I currently have 3 pets, my female African Bullfrog, Big Bertha, my female cranwelli pacman frog, Squish, and my male beardie, Spike.  I also live with me moms pets, which include out 4 cats (Peanut, Groucho, Gremlin, and Oreo), and her chihuahua, Yoda.  

Some of my other hobbies include playing video games, my favorites being Call of Duty, Skyrim, and Gears of War.  I also always enjoy going out with friends and of course the occasional drink out!     

That's all I can think of to say right now, if I think of more I'll be back!

----------


## Jen

*Tuesday*, tell us about your amphibians. 

How you came to keep them, mistakes/learning curves, species kept, breedings, how you found Frog Forum etc....we heard enough about you on Monday, let us hear about them frogs!

----------


## Bruce

Sorry it took so long to respond, crazy day!

Anyway, the first frog I got was Big Bertha about 4 years ago, she's a male African bullfrog.  I bought her as an impulsive buy actually, not knowing much about frogs, which is how I came to finding the forum!  Everyone here set me straight on how to care go her properly and she's doing great thanks to all of your help!

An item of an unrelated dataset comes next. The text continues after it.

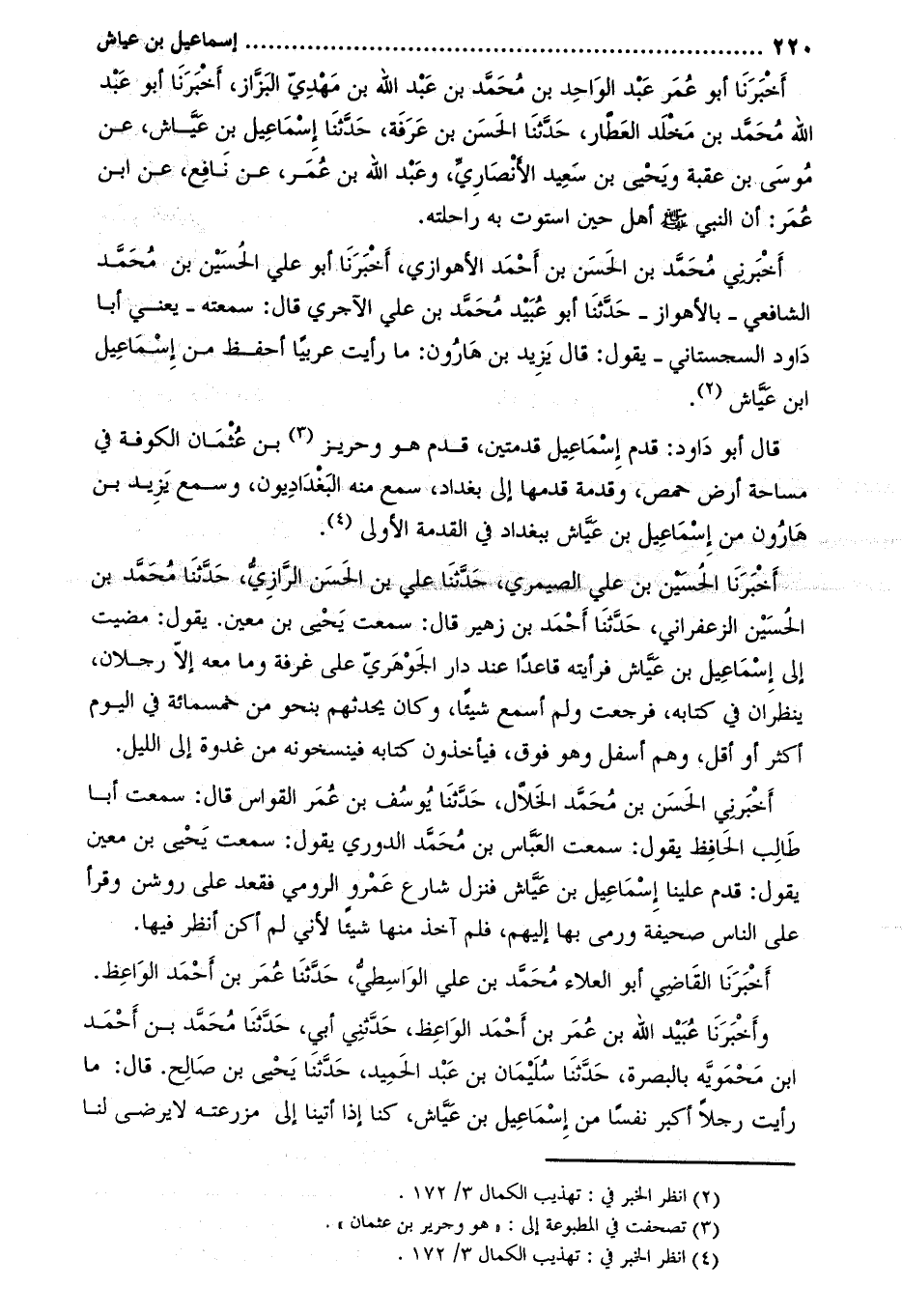 أخبرنا الحسين بن علي الصيمري، حدّثنا علي بن الحسن الرّازيّ، حدّثنا محمّد بن الحسين الزعفراني، حَدَّثَنَا أحمد بن زهير قَالَ: سمعت يحيى بن معين. يقول: مضيت إلى إسماعيل بن عياش فرأيته قاعدا عند دار الجوهري على غرفة وما معه إلّا رجلان، ينظران في كتابه، فرجعت ولم أسمع شيئا، وكان يحدثهم بنحو من خمسمائة في اليوم أكثر أو أقل، وهم أسفل وهو فوق، فيأخذون كتابه فينسخونه من غدوة إلى الليل.

My second frog is Squish, I found her being kept in awful conditions a a local petstore and just had to save her.  She's about a year and a half old and again, thanks to the advice given here is very healthy and happy!

Between them I switched from crickets to Dubia roaches, which I've gotten into breeding extensively to feed my frogs and to sell off excess. They've almost scone a pet in themselves that a also deeply care for in a weird way, haha!

----------


## Jen

*Wednesday*, show and tell. 

Wow us with your pictures/videos/sound clips.

----------


## Bruce

Bertha:








The Beardie:







Rest of the critters!:

----------


## Bruce

Bertha:








The Beardie:







Rest of the critters!:

----------


## Bruce

Oh wow, the tapatalk screwed that up! I'll post again

----------


## Bruce

The beardie:






Other critters:

----------


## Colleen/Jerrod

Thanks for sharing! Big Bertha and Squish are looking great! And all your other critters too. :-D

----------


## Bruce

On course!  And I guess tapatalk didn't screw up, just decided not to display everything and make me think it did!  Sorry for the double posts!

----------


## bshmerlie

Wow...they look very well fed.  :Smile:

----------


## Bruce

Haha! Yes, they are! :P

----------


## Heather

Love the pictures!  :Smile:  

Bruce is a great friend I met here!  :Smile:  I first met him through the purchase of dubias from him, which are doing great, btw  :Smile: . He is always thoughtful, caring, and understanding. We share frog advice and pictures often. 

Thanks Bruce!!!!  :Smile: 

So, Bruce, what type of chameleon do you want and why? What do you like best about your frogs?  :Smile:

----------


## Bruce

Thanks heather!  You've definitely been an amazing friend to me too!!

Definitely a Jackson's, I love those horns! An speaking of the roaches I just cleaned out the bin today, the colony's looking good!  

What I love most is how different they are and, once you know what you're doing, how easy and fun they can be!  I've always had a soft spot for reptiles so this hobby has come naturally to me!

----------


## Heather

You'll have to share a pic of a Jackson's, lol!

Very true  :Smile:

----------


## Lynn

Hi Bruce,
I'm sorry I did not get a chance to read ALL of this until now.
Your photos of 'your gang' are really great.
Especially Bertha.
Her name is perfect !
Lynn
 :Butterfly:

----------


## J Teezy

panther chameleon!!!

----------